[Data excerpt — start]
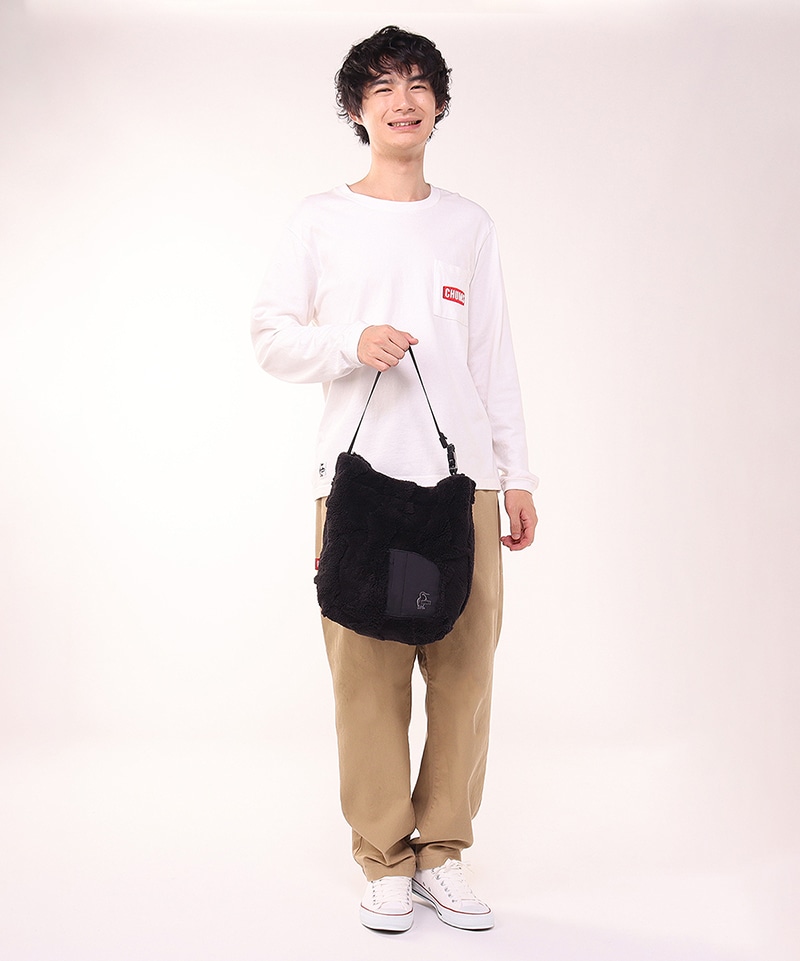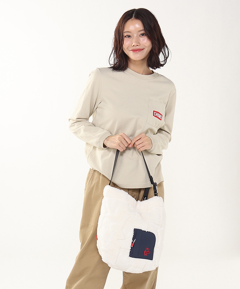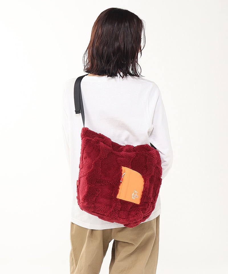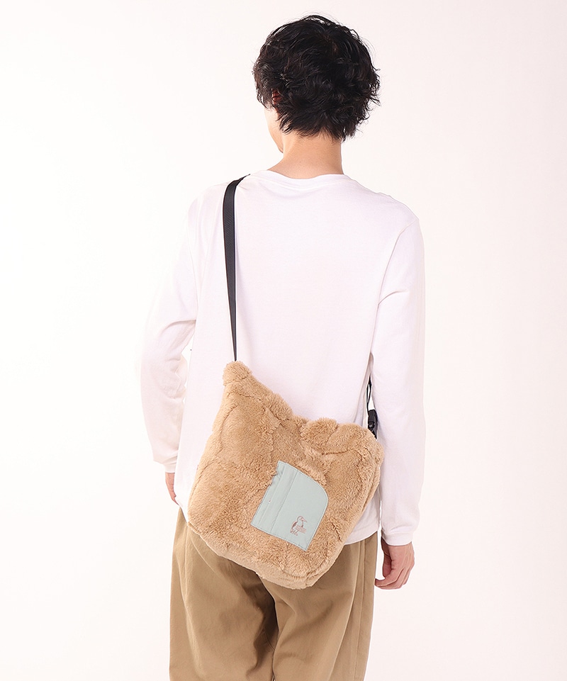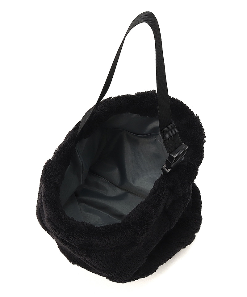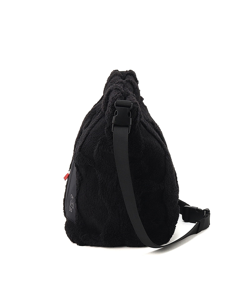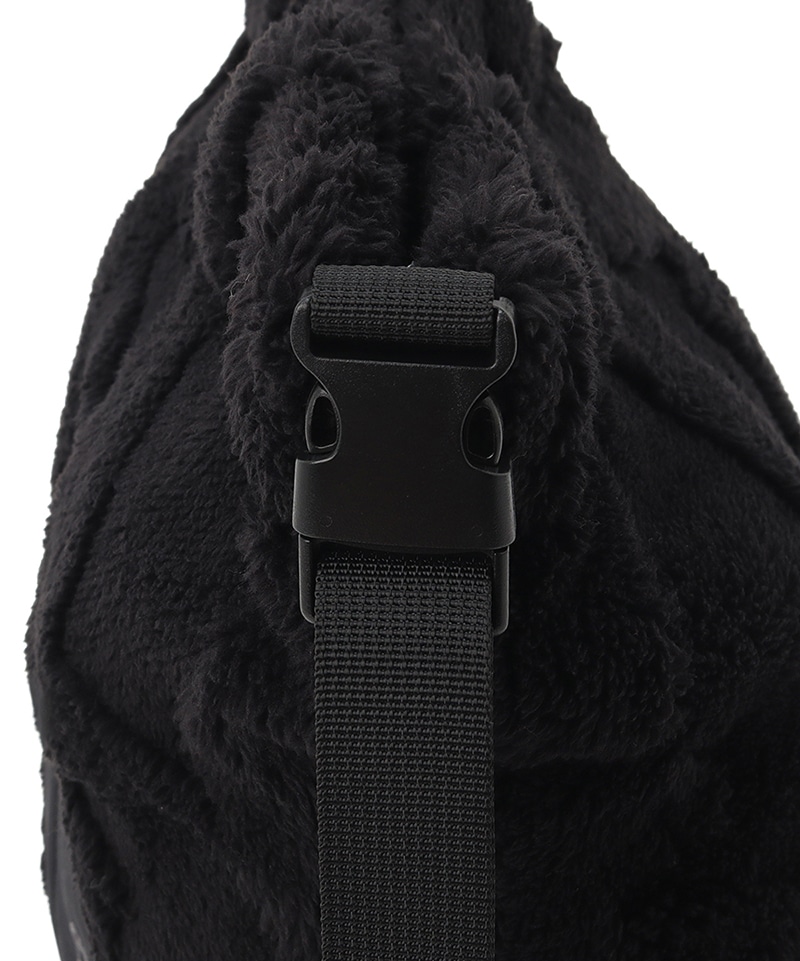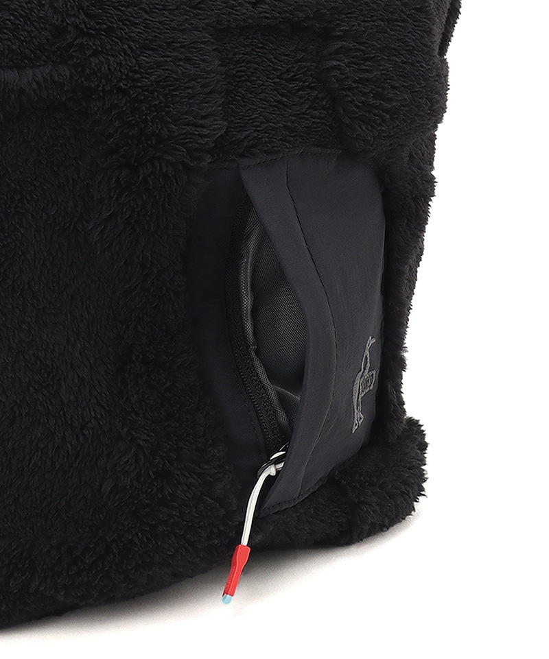 フリースの毛足の長さを切り替えることで、ブービーバードのシルエットを表現したジャカード織のフリースバッグ。ふわふわとした優しい肌触りの「エルモフリース」をメインに使用し、裏地や摩擦・負荷がかかりやすい部分にはナイロン生地を採用。見た目のかわいさだけでなく、耐久性や使い勝手も考慮した仕様です。
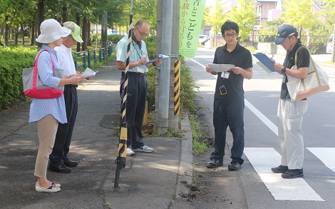 参加者は、見守り隊の小松さん、交通安全母の会の佐藤会長、校長、市教委の担当、道路管理課の職員2名の6名です。
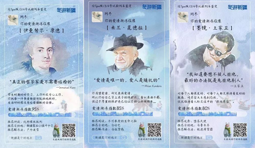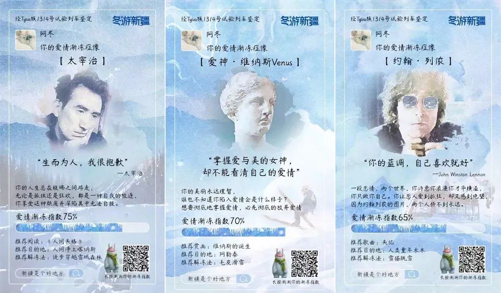 “爱情渐冻指数”测试H5,通过系列问题测试分出六类对应人物性格,有针对性的推荐新疆六个目的地和六种冰雪玩法。
[Data excerpt — finish]
Brief >> Skip every picture and retype only the lines from the line with "参加者は、見守り隊の小松さん" through the last line of the listing, both ends included, exactly as they appear.

Exercise solution >>
 参加者は、見守り隊の小松さん、交通安全母の会の佐藤会長、校長、市教委の担当、道路管理課の職員2名の6名です。
 “爱情渐冻指数”测试H5,通过系列问题测试分出六类对应人物性格,有针对性的推荐新疆六个目的地和六种冰雪玩法。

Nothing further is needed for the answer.